Divertimento No. 15

Music: Wolfgang Amadeus Mozart (Divertimento No. 15 in B-flat major, K. 287, 1777)
Choreography: George Balanchine © The George Balanchine Trust
Staging: Francia Russell
Costume Design: Karinska
Lighting Design: Randall G. Chiarelli
Duration: 36 minutes
Premiere: May 31, 1956; New York City Ballet (Mozart Festival, Stratford, Connecticut)
Pacific Northwest Ballet Premiere: February 5, 1991

Mara Vinson in Divertimento No. 15.
Photo © Angela Sterling

Divertimento No. 15 is the second ballet that Balanchine created to Mozart’s Divertimento in B-flat major (K. 287), a score the choreographer avowed “is one I admire most in the world.” Composed in 1777 for the name day of Countess Maria Antonia Lodron and intended, like so much music in the eighteenth century, as entertainment at aristocratic social events, this Divertimento is a splendid example of Mozart’s genius for making a masterpiece out of even the most occasional music. Mozart himself loved to play the virtuoso first violin part and, after one performance, wrote to his father: “It made everybody sit up. I played as though I were the greatest violinist in Europe.”

Of the relationship between the earlier ballet, called Caracole (1952), and the later one, there is some disagreement. Balanchine’s own account is that no one could remember Caracole in 1956 and that he completely reworked it for the bicentennial celebration of Mozart's birth at the American Shakespeare Festival. But, according to Tanaquil LeClercq and Diana Adams, who were in the original casts of both versions, the steps for Caracole and Divertimento No. 15 are virtually identical, and it is incorrect to say that no one could remember the earlier work.
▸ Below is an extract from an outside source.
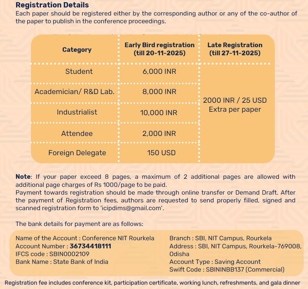 Please ensure that each author submits no more than three papers in total, regardless of their author position. Paper ID *Paper Title *Presenter DetailsPresentation Type (In-Person) *Poster PresentationOral PresentationName of the Presenter *Instittue / University Name *Email Address *Mobile *Select *IndianForeignerSelect *StudentAcademic / Govt. ProfessionalIndustrialistRegistration Fee Payment DetailsNo. of formatted pagesSpringer Lecture Notes format6 pages (Rs. 0 extra page charge)7 pages (Rs. 0 extra page charge)8 pages (Rs. 0 extra page charge)9 pages (Rs. 1000 extra page charge)10 pages (Rs. 2000 extra page charge)Total amount paid *Date of transaction/ payment *Transaction reference number (UTR) *Payment Proof (JPG/JPEG/PDF) *Choose FileNo file chosenDelete uploaded fileAccommodation requirement *YesNoAccomodation CategeoryAccomodation CategeoryHostel (sharing Rs.250 per day per person)Hostel (Independent Rs.350 per day per person)Guesthouse (sharing Rs.1000 per day per person)Guesthouse (Independent Rs.1500 per day per person)Food Preference *VegNon-VegNARemarksRegister
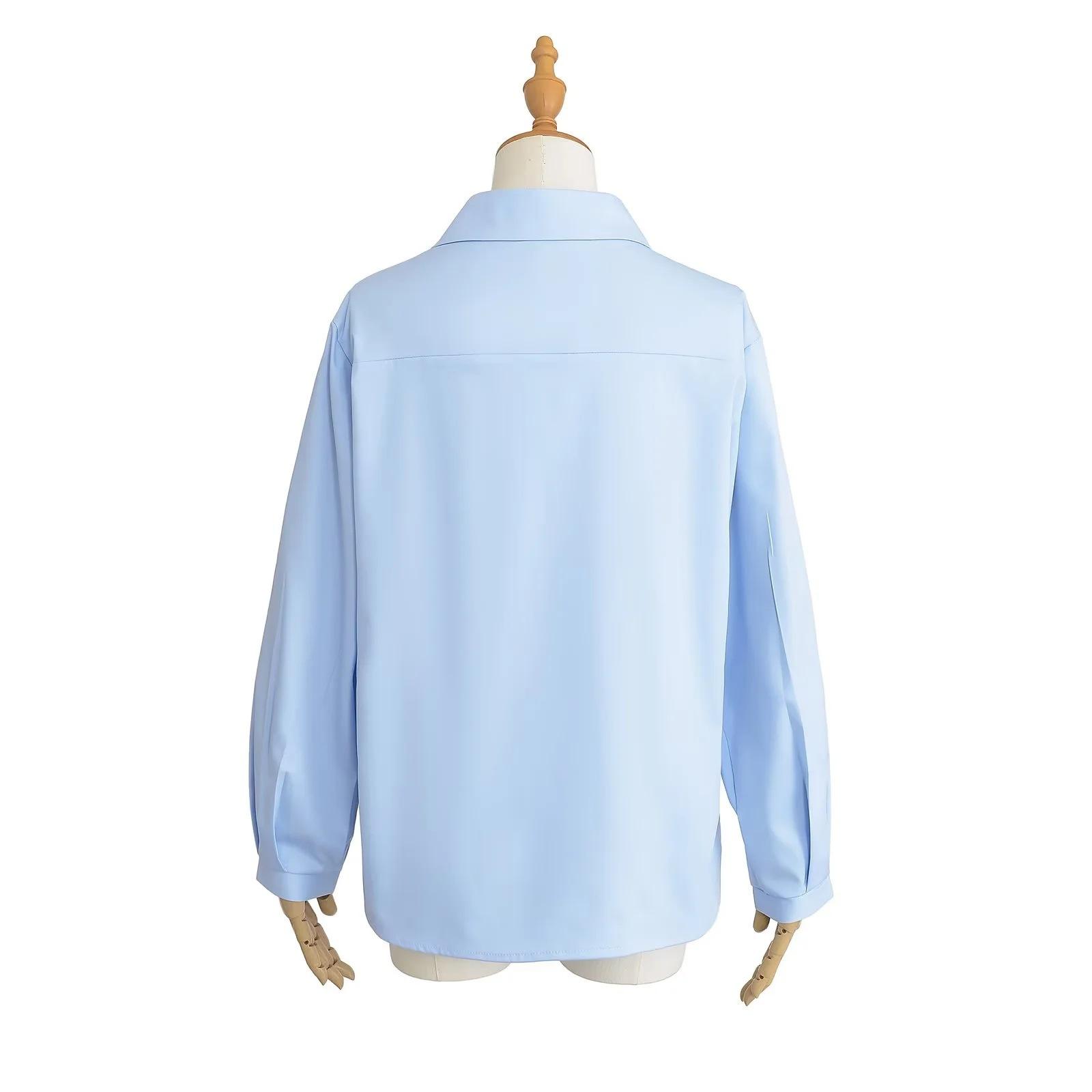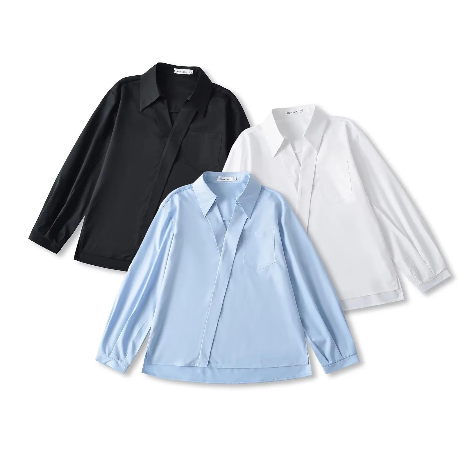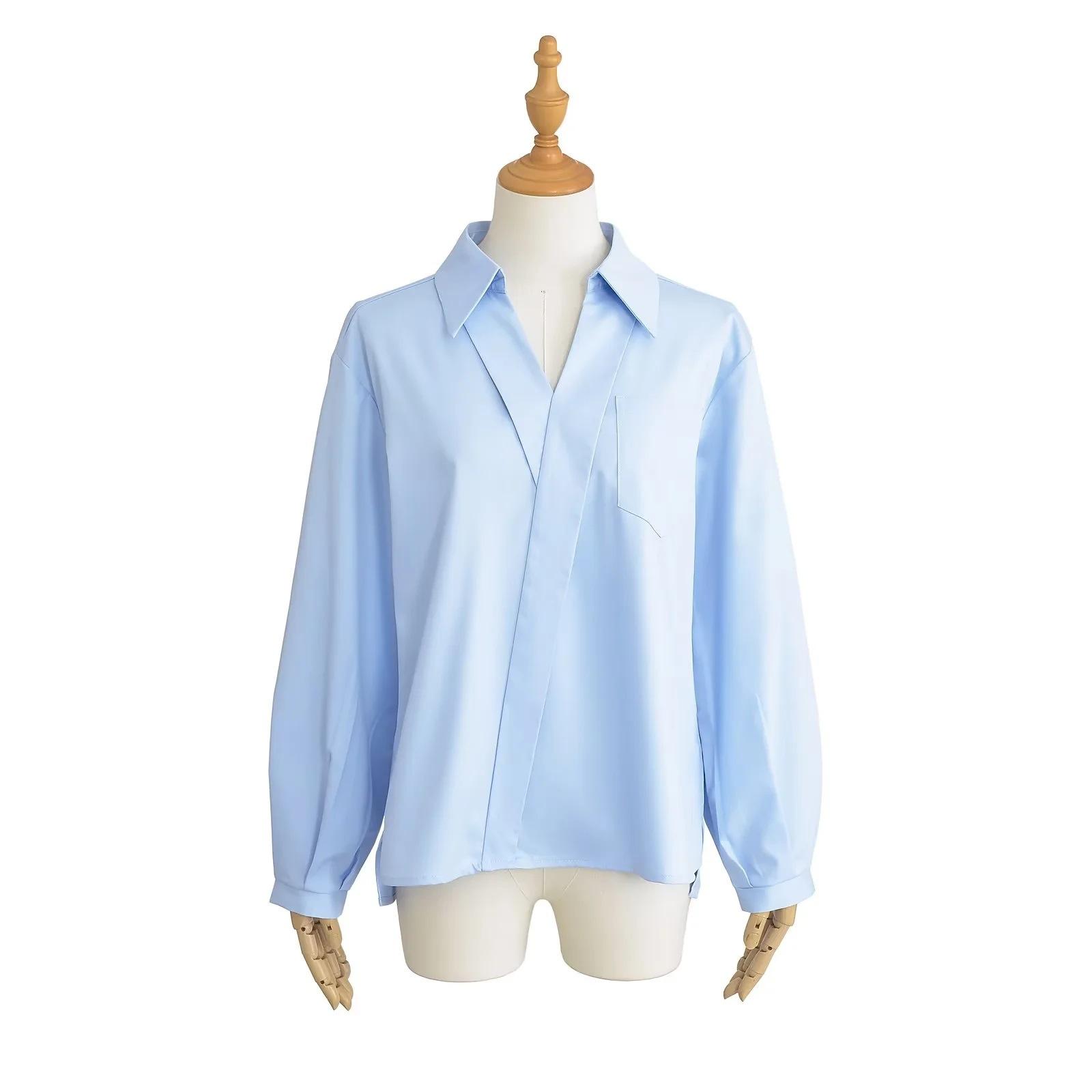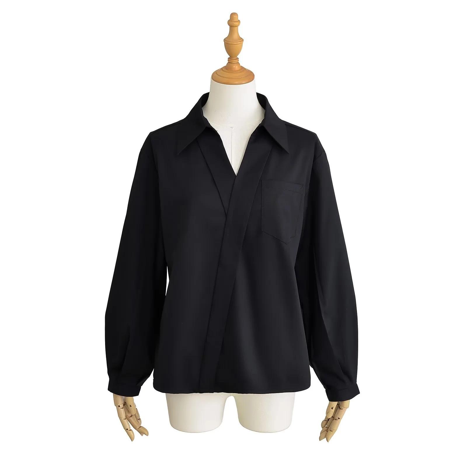 Camisa de manga larga con solapa de otoño para mujer, top informal con cuello en V cruzado y bolsillo en el pecho, camisa holgada

A pure dance ballet that seeks to visualize the understated elegance, exquisite filigree, and sweet playfulness of Mozart’s score, Divertimento No. 15 has been characterized by dance historian Nancy Reynolds as “cut crystal rather than diamond glitter.” Among its numerous fine moments are (in the Theme and Variations section) delicately-wrought variations for four ballerinas; one of the great male variations in the ballet repertoire; and the climactic allegro variation, where the fifth ballerina’s virtuosity must match the violinists’. According to Francia Russell (who danced one of the ballerina roles and has staged the work for numerous European companies) and Kent Stowell (who performed the male variation), most of the steps in the ballet are not unusually demanding technically, but they must be danced beautifully—by dancers who are very musical.

Although Balanchine was dissatisfied with his choreography for Divertimento No. 15, feeling it did not come up to the standard set by the composer, the work has been not only admired but loved by audiences and dancers alike. “Celestial” is a word that has been used to describe it, and, indeed, a vision of ideal beauty is the ballet’s essence. Music critic Louis Biancolli offered this tribute: “[The ballet] is so close to the music that the chances are no company short of a band of dancing Mozarts will ever be able to attain either the perfection of Mozart or the ingenuity of Balanchine; the gap will always remain between what both Mozart and Balanchine have devised and what is humanly possible in the dance. Think of trying to communicate in motion the breathing, soaring line of an Andante that is almost the closest thing to divine grace in music.”

Divertimento No. 15 has been in Pacific Northwest Ballet’s repertory since 1991, when Francia Russell staged it for the Company’s season-long tribute to Mozart on the 200th anniversary of his death.


Notes by Jeanie Thomas; edited by Doug Fullington 2009.